**Available records:**

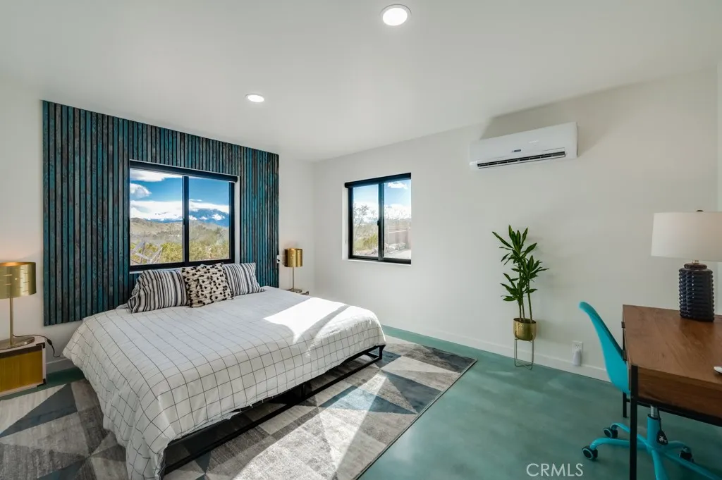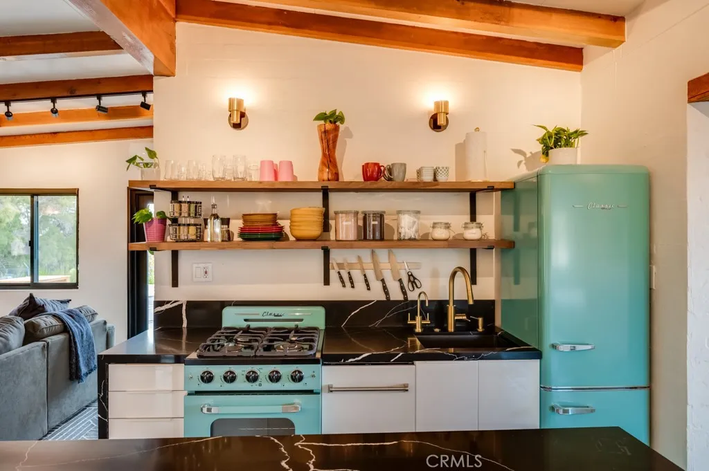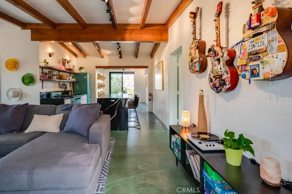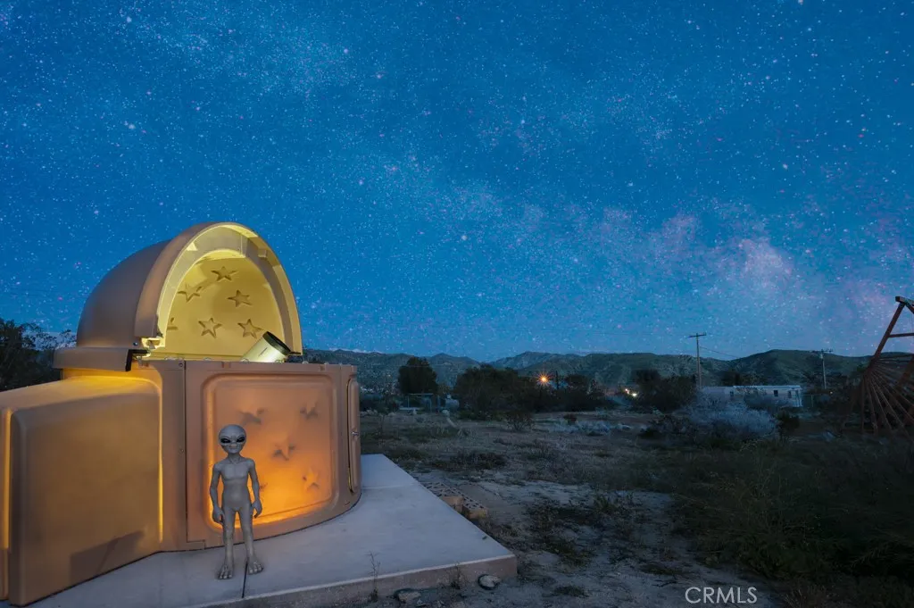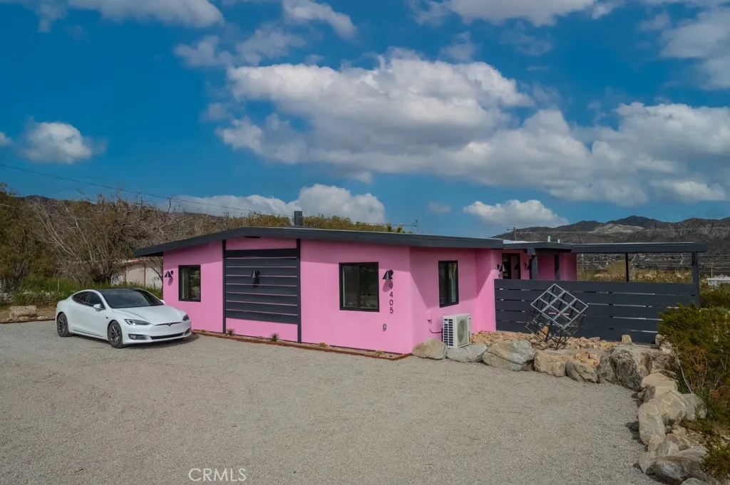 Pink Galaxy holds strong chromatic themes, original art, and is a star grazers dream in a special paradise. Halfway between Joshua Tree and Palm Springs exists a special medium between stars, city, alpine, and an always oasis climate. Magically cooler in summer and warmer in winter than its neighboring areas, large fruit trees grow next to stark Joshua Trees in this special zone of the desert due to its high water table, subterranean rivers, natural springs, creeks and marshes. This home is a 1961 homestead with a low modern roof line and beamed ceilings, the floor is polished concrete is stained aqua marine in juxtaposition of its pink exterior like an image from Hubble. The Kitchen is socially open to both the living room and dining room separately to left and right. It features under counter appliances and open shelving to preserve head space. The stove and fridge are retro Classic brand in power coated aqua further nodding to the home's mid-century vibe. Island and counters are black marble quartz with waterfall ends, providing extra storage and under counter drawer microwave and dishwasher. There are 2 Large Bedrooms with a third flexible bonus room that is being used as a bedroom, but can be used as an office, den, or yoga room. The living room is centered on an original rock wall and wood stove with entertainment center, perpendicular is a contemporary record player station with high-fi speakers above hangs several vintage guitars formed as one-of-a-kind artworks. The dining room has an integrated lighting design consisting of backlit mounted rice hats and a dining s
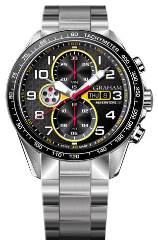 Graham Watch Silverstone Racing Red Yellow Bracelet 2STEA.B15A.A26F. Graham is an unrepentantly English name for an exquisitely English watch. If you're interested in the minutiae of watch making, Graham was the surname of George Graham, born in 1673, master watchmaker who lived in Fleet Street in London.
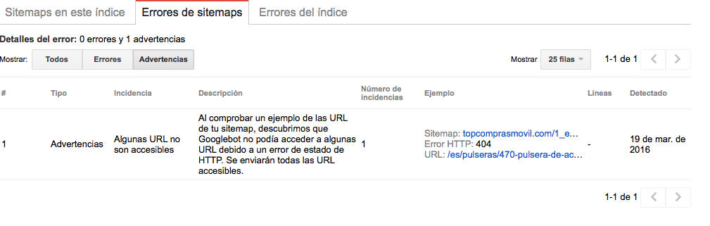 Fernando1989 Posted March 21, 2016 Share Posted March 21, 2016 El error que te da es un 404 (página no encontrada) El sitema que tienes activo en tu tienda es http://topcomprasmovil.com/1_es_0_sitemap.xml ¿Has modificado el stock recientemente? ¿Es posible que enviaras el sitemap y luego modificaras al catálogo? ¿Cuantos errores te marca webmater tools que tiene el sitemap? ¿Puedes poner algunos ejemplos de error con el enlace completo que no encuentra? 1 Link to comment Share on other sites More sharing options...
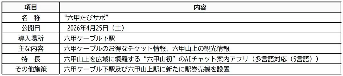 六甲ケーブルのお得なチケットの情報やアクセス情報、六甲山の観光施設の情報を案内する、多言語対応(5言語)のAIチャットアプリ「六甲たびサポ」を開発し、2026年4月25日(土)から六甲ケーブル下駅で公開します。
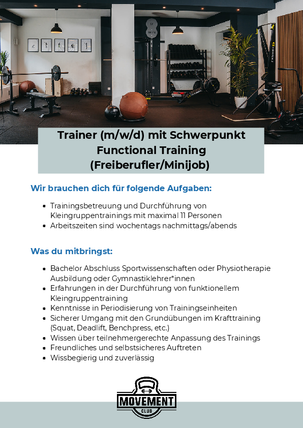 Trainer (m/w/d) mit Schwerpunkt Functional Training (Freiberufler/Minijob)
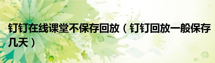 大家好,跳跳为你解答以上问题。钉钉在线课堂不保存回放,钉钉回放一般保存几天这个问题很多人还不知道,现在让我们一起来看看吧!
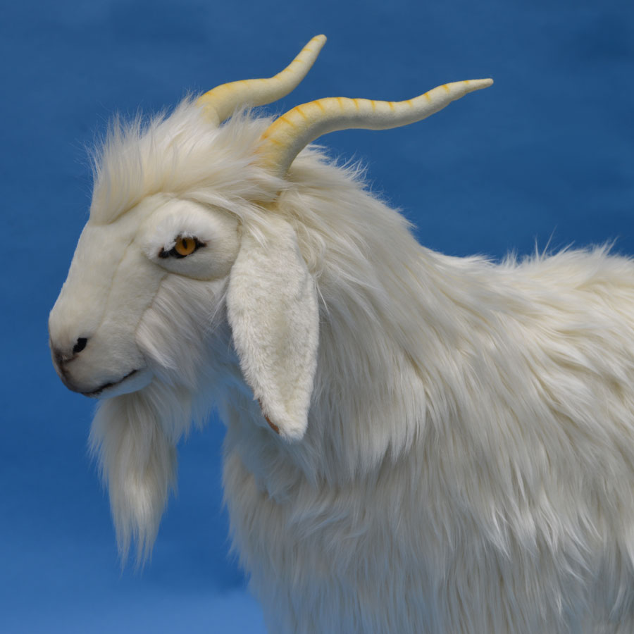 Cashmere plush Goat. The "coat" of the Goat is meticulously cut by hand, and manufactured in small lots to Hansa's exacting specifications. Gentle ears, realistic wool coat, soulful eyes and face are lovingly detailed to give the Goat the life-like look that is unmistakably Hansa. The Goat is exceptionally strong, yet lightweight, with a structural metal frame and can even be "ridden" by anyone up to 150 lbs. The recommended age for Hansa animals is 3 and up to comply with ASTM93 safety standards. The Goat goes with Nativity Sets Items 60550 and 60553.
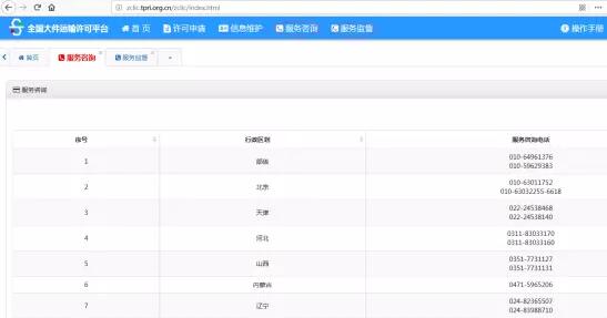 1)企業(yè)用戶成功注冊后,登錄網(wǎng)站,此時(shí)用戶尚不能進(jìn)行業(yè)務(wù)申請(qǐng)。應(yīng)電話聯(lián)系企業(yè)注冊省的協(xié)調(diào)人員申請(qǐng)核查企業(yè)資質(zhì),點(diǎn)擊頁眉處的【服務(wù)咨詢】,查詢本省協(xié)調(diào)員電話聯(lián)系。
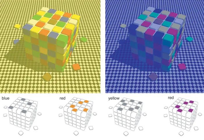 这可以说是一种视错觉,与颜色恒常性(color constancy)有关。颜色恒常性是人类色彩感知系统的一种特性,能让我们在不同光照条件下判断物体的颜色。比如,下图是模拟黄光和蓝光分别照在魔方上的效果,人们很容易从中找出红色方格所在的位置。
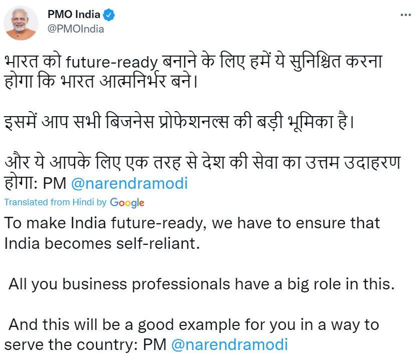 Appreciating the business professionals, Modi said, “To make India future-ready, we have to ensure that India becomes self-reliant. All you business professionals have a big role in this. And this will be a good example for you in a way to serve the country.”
--
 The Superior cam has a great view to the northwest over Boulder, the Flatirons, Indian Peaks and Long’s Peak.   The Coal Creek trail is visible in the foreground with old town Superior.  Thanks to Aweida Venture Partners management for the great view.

**Task brief:** With the pictures left out, write out exactly the lines above from the one containing "Cashmere plush Goat." through the one containing "Appreciating the business".

**Answer box:**
 Cashmere plush Goat. The "coat" of the Goat is meticulously cut by hand, and manufactured in small lots to Hansa's exacting specifications. Gentle ears, realistic wool coat, soulful eyes and face are lovingly detailed to give the Goat the life-like look that is unmistakably Hansa. The Goat is exceptionally strong, yet lightweight, with a structural metal frame and can even be "ridden" by anyone up to 150 lbs. The recommended age for Hansa animals is 3 and up to comply with ASTM93 safety standards. The Goat goes with Nativity Sets Items 60550 and 60553.
 1)企業(yè)用戶成功注冊后,登錄網(wǎng)站,此時(shí)用戶尚不能進(jìn)行業(yè)務(wù)申請(qǐng)。應(yīng)電話聯(lián)系企業(yè)注冊省的協(xié)調(diào)人員申請(qǐng)核查企業(yè)資質(zhì),點(diǎn)擊頁眉處的【服務(wù)咨詢】,查詢本省協(xié)調(diào)員電話聯(lián)系。
 这可以说是一种视错觉,与颜色恒常性(color constancy)有关。颜色恒常性是人类色彩感知系统的一种特性,能让我们在不同光照条件下判断物体的颜色。比如,下图是模拟黄光和蓝光分别照在魔方上的效果,人们很容易从中找出红色方格所在的位置。
 Appreciating the business professionals, Modi said, “To make India future-ready, we have to ensure that India becomes self-reliant. All you business professionals have a big role in this. And this will be a good example for you in a way to serve the country.”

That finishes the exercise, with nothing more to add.